Exercise material.

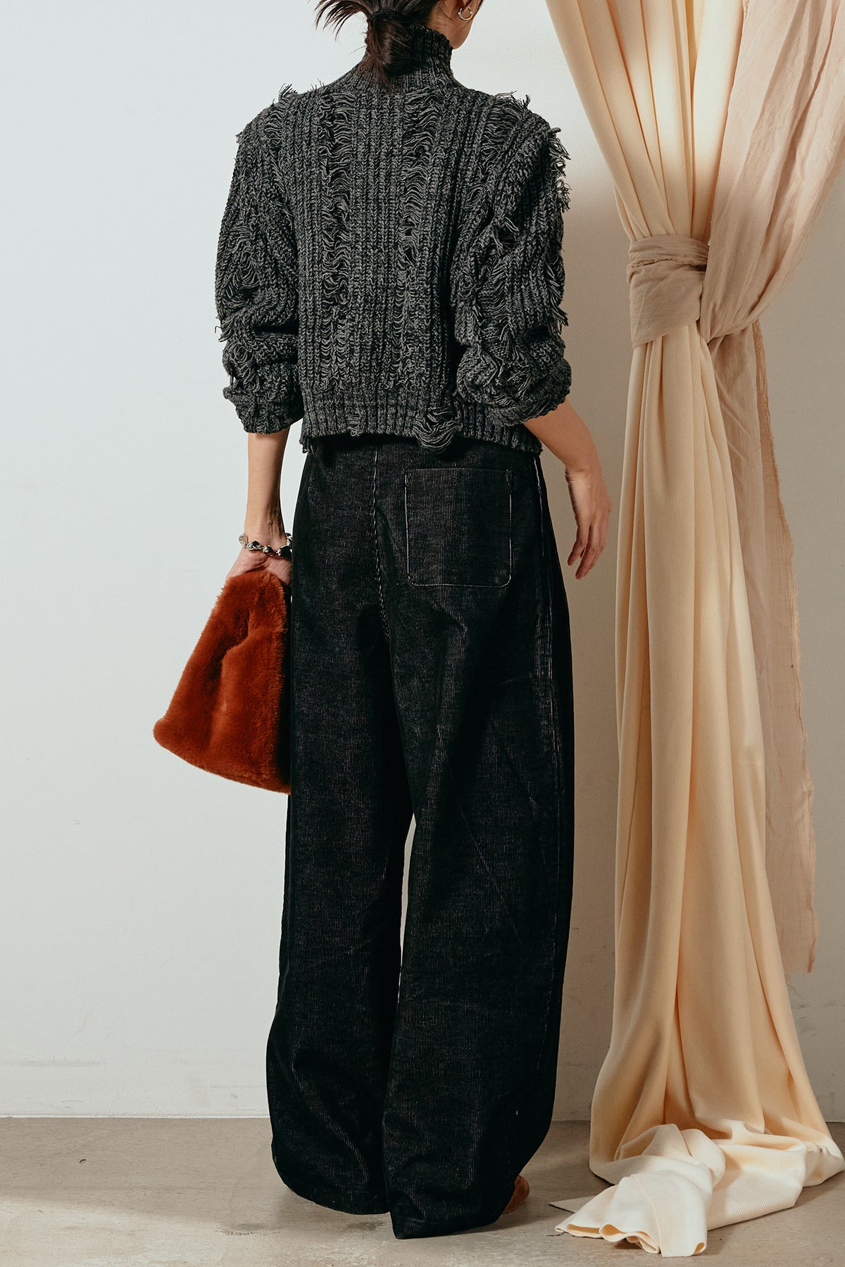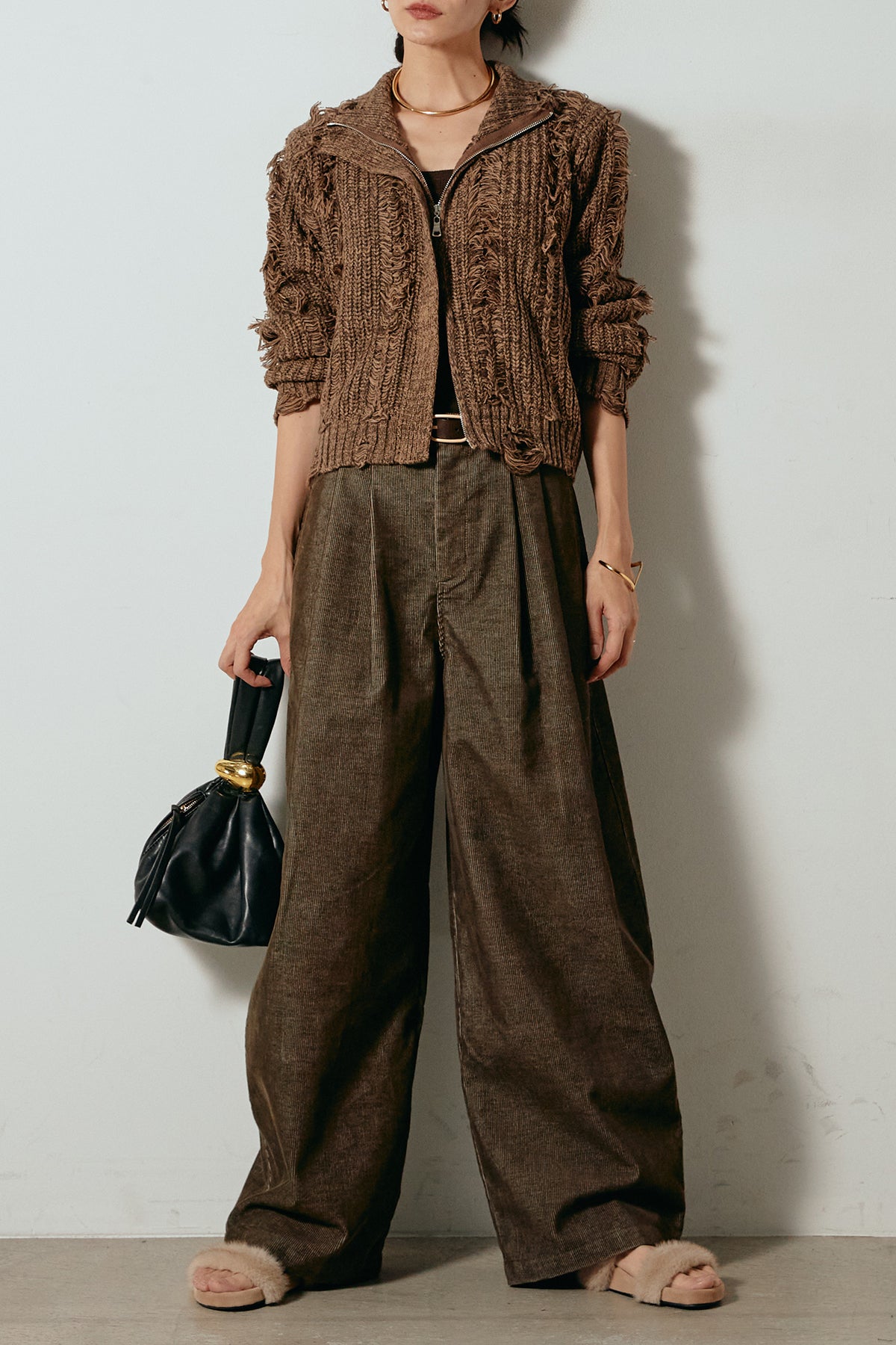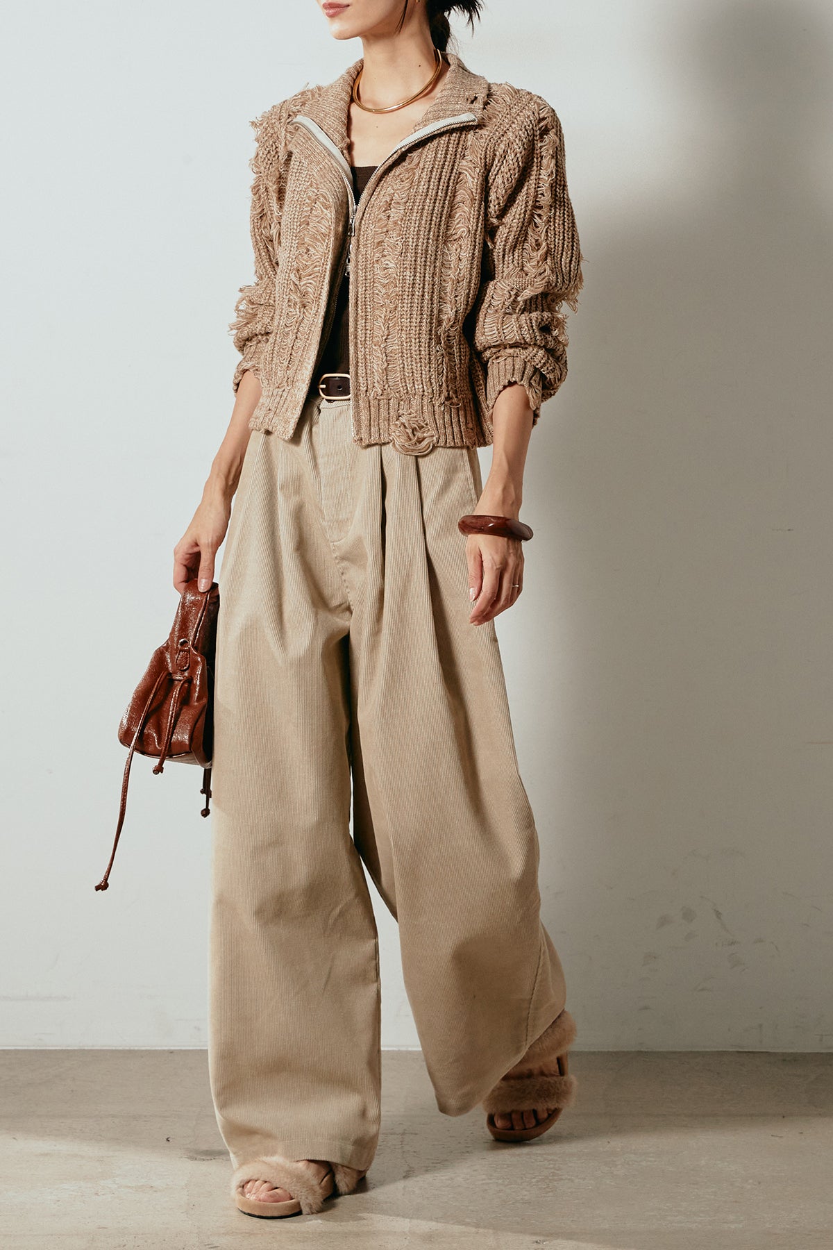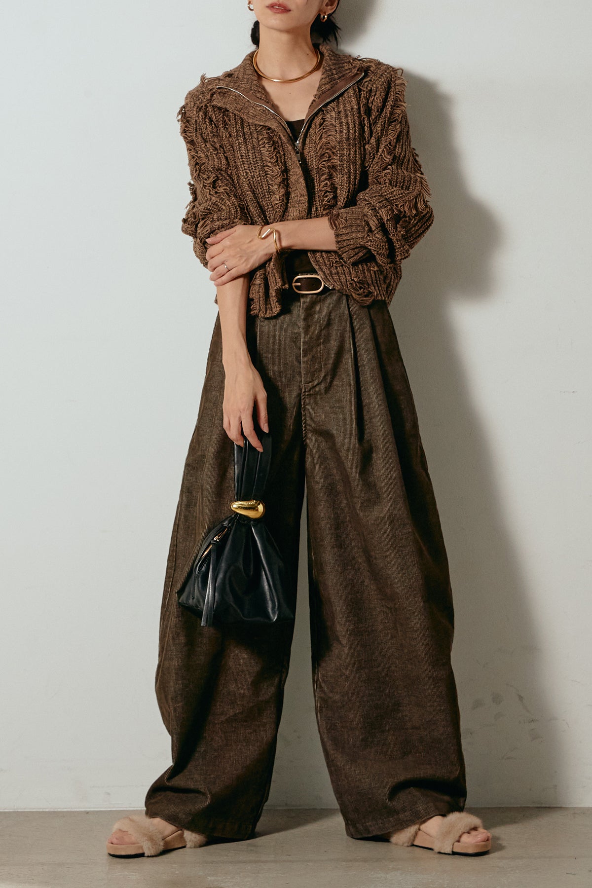 [SET]ハイネックフリンジジップニットトップス+フロントタック入りコーデュロイパンツ(2set)
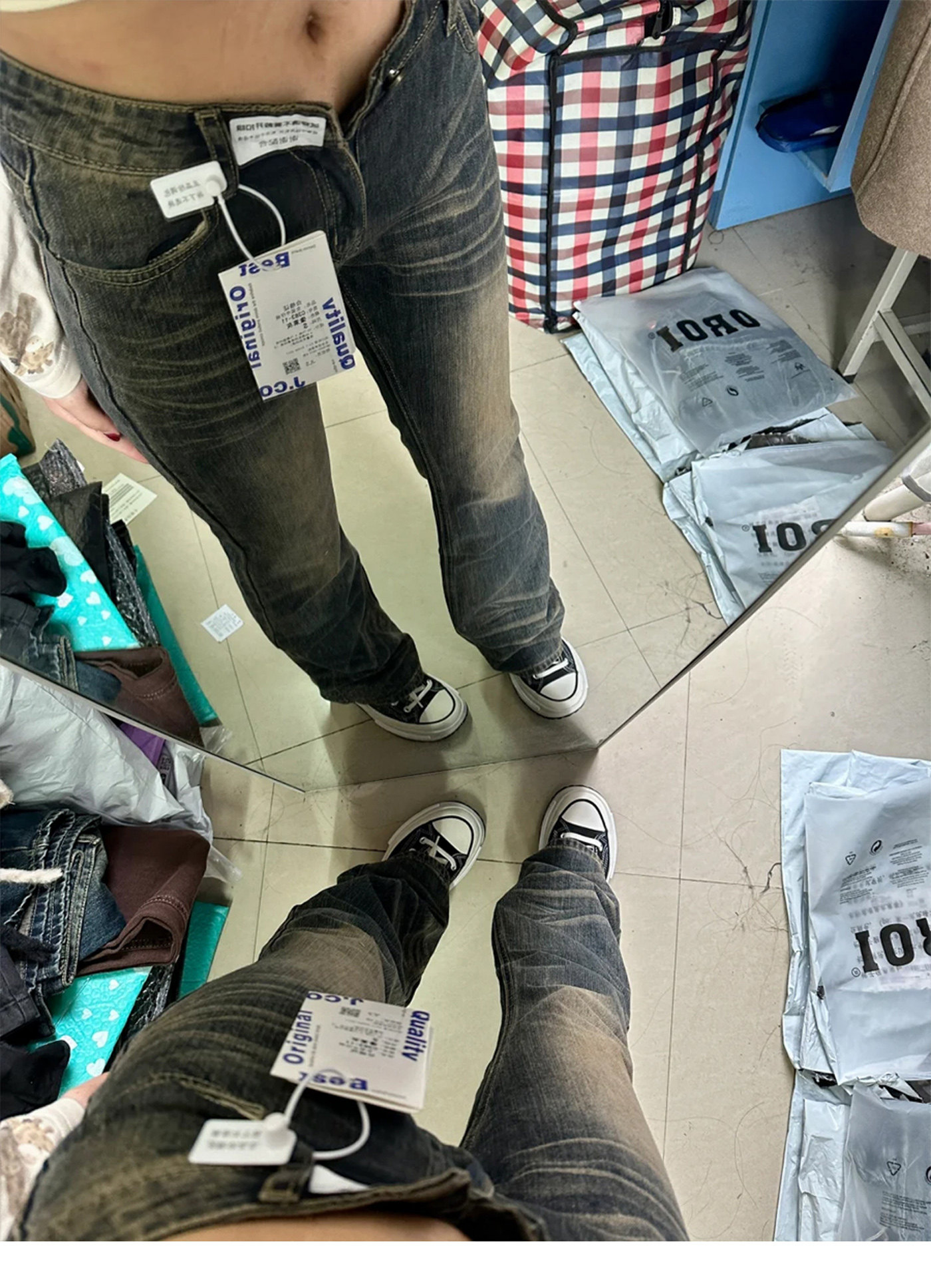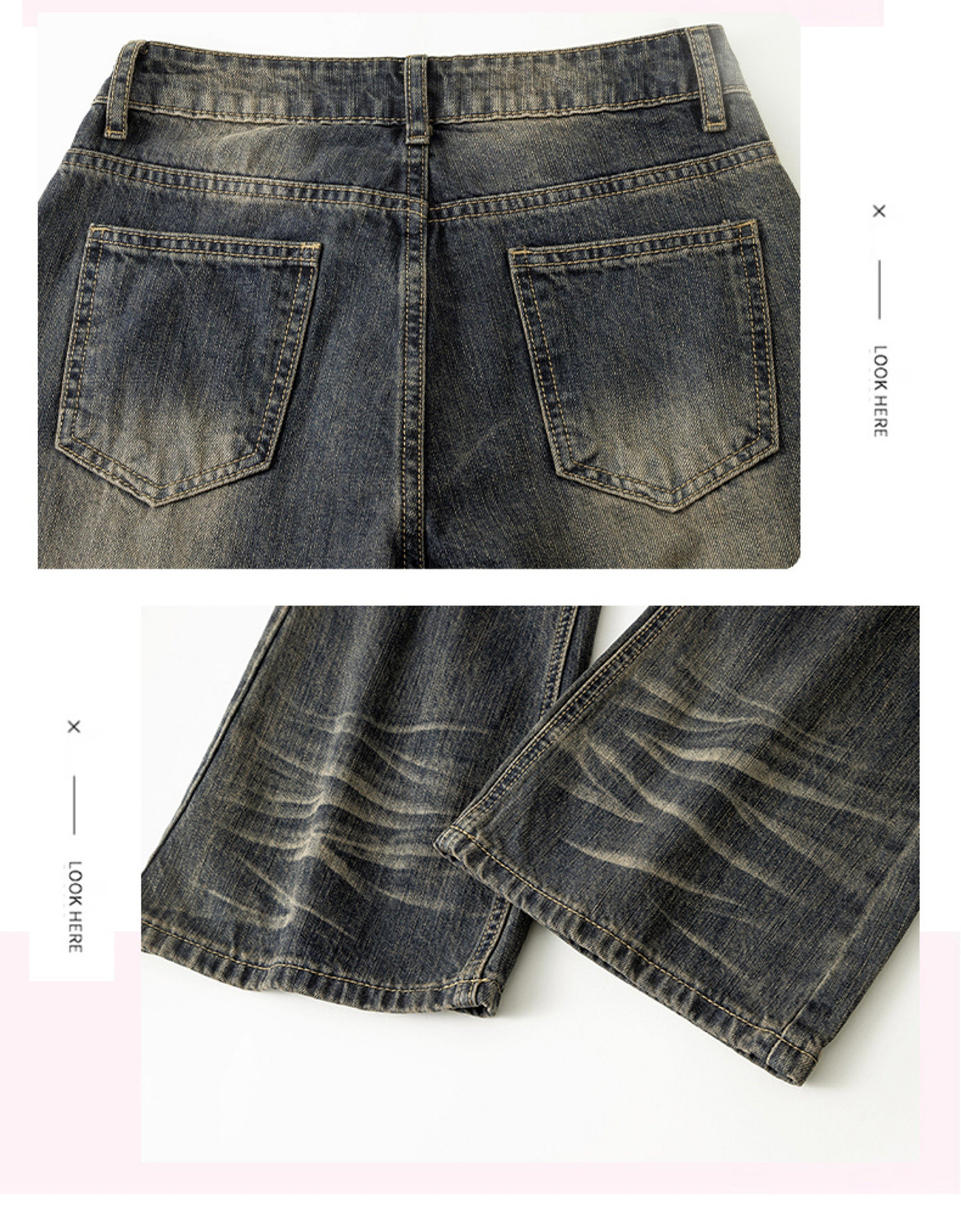 American-Style Flared Jeans for Women, 2025 New Low-Waist Slimming Wide-Leg Loose Straight-Leg Floor-Length Bootcut Pants
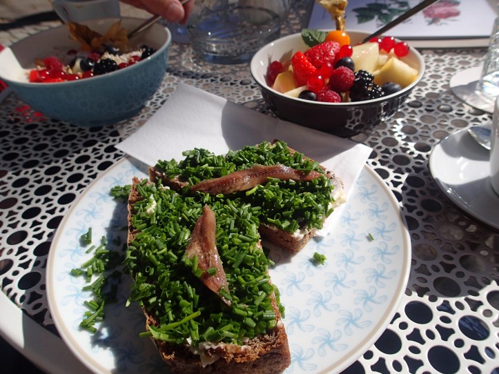 After Vienna we headed to Graz to visit family. When we arrived in Graz we were in need of lunch. It was a lovely sunny day, so we sat outside at a cafe (with our luggage). I had rye bread with chives and anchovies. It was delicious! So simple, yet so tasty. These Austrians know what they are doing.
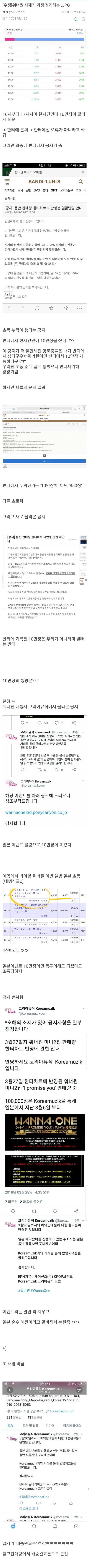 ++더욱 의심되는건 코리아 뮤직이 mnet, cj계열사 라는거임. 이렇게되면 결론은 엠넷 소속 유통업체(코리아 뮤직)가 10만장을 일본에 가져가서 판매되지도 않은 앨범을 다 판매됐다고 허위로 한터에 전달해 10만장이 찍혔다고 볼수있음. 이걸 해명하려면 일본 구매자들이 10만장을 다 구매했다는걸 입증해야 의문이 풀릴듯
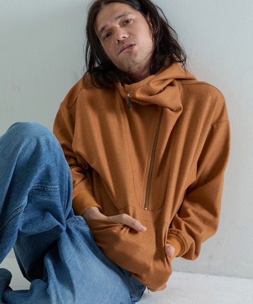 「これずっとやってみたかったアイテム」という長年の憧れから生まれた一着です。イギリス軍のガスプロテクトジャケットをサンプリングし、現代的な解釈で蘇らせた意欲作。特筆すべきは、大きな顔をスッポリ隠すほどの個性的な形状のフードというオリジナルの最大の特徴を継承しながらも、素材選びに新たな視点を加えた点です。ウールのカットソーという贅沢な素材を採用し、ミリタリーウェアの実用性とモダンな質感、さらにはスポーティーな要素を絶妙に融合させました。この素材選択により、歴史的なデザインに現代的な快適さと洗練を加え、ビンテージミリタリーの枠を超えた新しいアイテムとして生まれ変わらせています。機能面でも妥協はなく、裾にはドローコードを備え、シルエットの微調整が可能。このドローコードは伸縮する仕様のため、絞ったままでの着脱ができるという実用的な工夫も施されています。この機能により、カジュアルスタイルでの着崩しから、きれいめコーディネートでのすっきりとしたシルエットまで、様々な着こなしのバリエーションを楽しむことができます。ミリタリー、スポーツ、コンテンポラリーと異なる要素を高次元で融合させたこのアイテムは、従来の枠に収まらない新しいスタイルを提案し、大人のワードローブに独自の存在感をもたらす頼れる一着です。31:CAMEL :H175cmのモデルが48サイズを着用35:BR :H175cmのモデルが48サイズを着用05:BK :H175cmのモデルが48サイズを着用
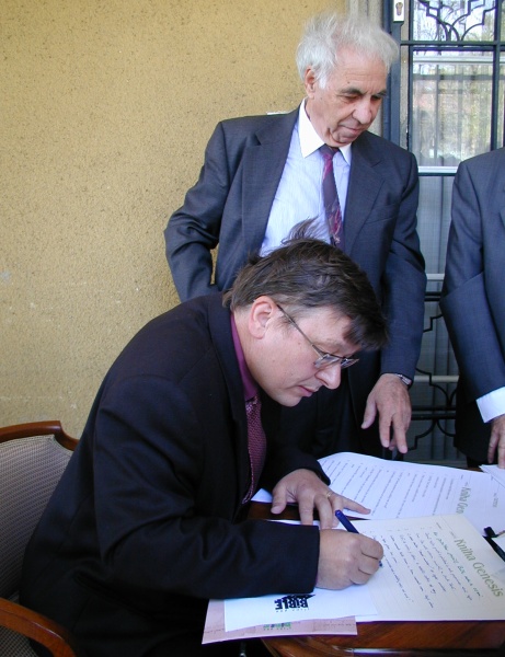 "Jsem snílek, ale někdy se mé sny stávají skutečností. Na konci milénia jsem měl nápad vyhlásit soutěž 'Děti světa ilustrují Bibli'. S tímto projektem jsme šli do 91 zemí celého světa a dostali jsme skoro 800 000 kreseb. V prosinci roku 1999, během posledního týdne milénia, devadesát dětí ve věku od 6 do 16 let se svými rodiči přišlo do rezidence izraelského prezidenta Weizmana a obdrželo první cenu za každou zemi. Potom jsme byli požádáni, abychom s biblickým projektem pokračovali, ale nevěděli jsme jak, když jsme právě skončili. A potom jsme přišli na myšlenku vyhlásit nový projekt pro milovníky Bible na celém světě, a tak vznikl projekt 'Národy světa píší Bibli'. Věděli jsme, že Bible byla přeložena do 2035 jazyků a dialektů (pro srovnání Harry Potter byl přeložen do devadesáti jazyků). Na celém světě budou lidé ručně psát Bibli, verš po verši, v mnoha jazycích. Ve Starém zákoně je 20137 veršů, v Novém zákoně je 9500 veršů, takže v každé zemi lidé napíší všech 30000 veršů."

The problem.
Give the material again exactly as it is, but keep the pictures out.

Result of the task.
 [SET]ハイネックフリンジジップニットトップス+フロントタック入りコーデュロイパンツ(2set)
 American-Style Flared Jeans for Women, 2025 New Low-Waist Slimming Wide-Leg Loose Straight-Leg Floor-Length Bootcut Pants
 After Vienna we headed to Graz to visit family. When we arrived in Graz we were in need of lunch. It was a lovely sunny day, so we sat outside at a cafe (with our luggage). I had rye bread with chives and anchovies. It was delicious! So simple, yet so tasty. These Austrians know what they are doing.
 ++더욱 의심되는건 코리아 뮤직이 mnet, cj계열사 라는거임. 이렇게되면 결론은 엠넷 소속 유통업체(코리아 뮤직)가 10만장을 일본에 가져가서 판매되지도 않은 앨범을 다 판매됐다고 허위로 한터에 전달해 10만장이 찍혔다고 볼수있음. 이걸 해명하려면 일본 구매자들이 10만장을 다 구매했다는걸 입증해야 의문이 풀릴듯
 「これずっとやってみたかったアイテム」という長年の憧れから生まれた一着です。イギリス軍のガスプロテクトジャケットをサンプリングし、現代的な解釈で蘇らせた意欲作。特筆すべきは、大きな顔をスッポリ隠すほどの個性的な形状のフードというオリジナルの最大の特徴を継承しながらも、素材選びに新たな視点を加えた点です。ウールのカットソーという贅沢な素材を採用し、ミリタリーウェアの実用性とモダンな質感、さらにはスポーティーな要素を絶妙に融合させました。この素材選択により、歴史的なデザインに現代的な快適さと洗練を加え、ビンテージミリタリーの枠を超えた新しいアイテムとして生まれ変わらせています。機能面でも妥協はなく、裾にはドローコードを備え、シルエットの微調整が可能。このドローコードは伸縮する仕様のため、絞ったままでの着脱ができるという実用的な工夫も施されています。この機能により、カジュアルスタイルでの着崩しから、きれいめコーディネートでのすっきりとしたシルエットまで、様々な着こなしのバリエーションを楽しむことができます。ミリタリー、スポーツ、コンテンポラリーと異なる要素を高次元で融合させたこのアイテムは、従来の枠に収まらない新しいスタイルを提案し、大人のワードローブに独自の存在感をもたらす頼れる一着です。31:CAMEL :H175cmのモデルが48サイズを着用35:BR :H175cmのモデルが48サイズを着用05:BK :H175cmのモデルが48サイズを着用
 "Jsem snílek, ale někdy se mé sny stávají skutečností. Na konci milénia jsem měl nápad vyhlásit soutěž 'Děti světa ilustrují Bibli'. S tímto projektem jsme šli do 91 zemí celého světa a dostali jsme skoro 800 000 kreseb. V prosinci roku 1999, během posledního týdne milénia, devadesát dětí ve věku od 6 do 16 let se svými rodiči přišlo do rezidence izraelského prezidenta Weizmana a obdrželo první cenu za každou zemi. Potom jsme byli požádáni, abychom s biblickým projektem pokračovali, ale nevěděli jsme jak, když jsme právě skončili. A potom jsme přišli na myšlenku vyhlásit nový projekt pro milovníky Bible na celém světě, a tak vznikl projekt 'Národy světa píší Bibli'. Věděli jsme, že Bible byla přeložena do 2035 jazyků a dialektů (pro srovnání Harry Potter byl přeložen do devadesáti jazyků). Na celém světě budou lidé ručně psát Bibli, verš po verši, v mnoha jazycích. Ve Starém zákoně je 20137 veršů, v Novém zákoně je 9500 veršů, takže v každé zemi lidé napíší všech 30000 veršů."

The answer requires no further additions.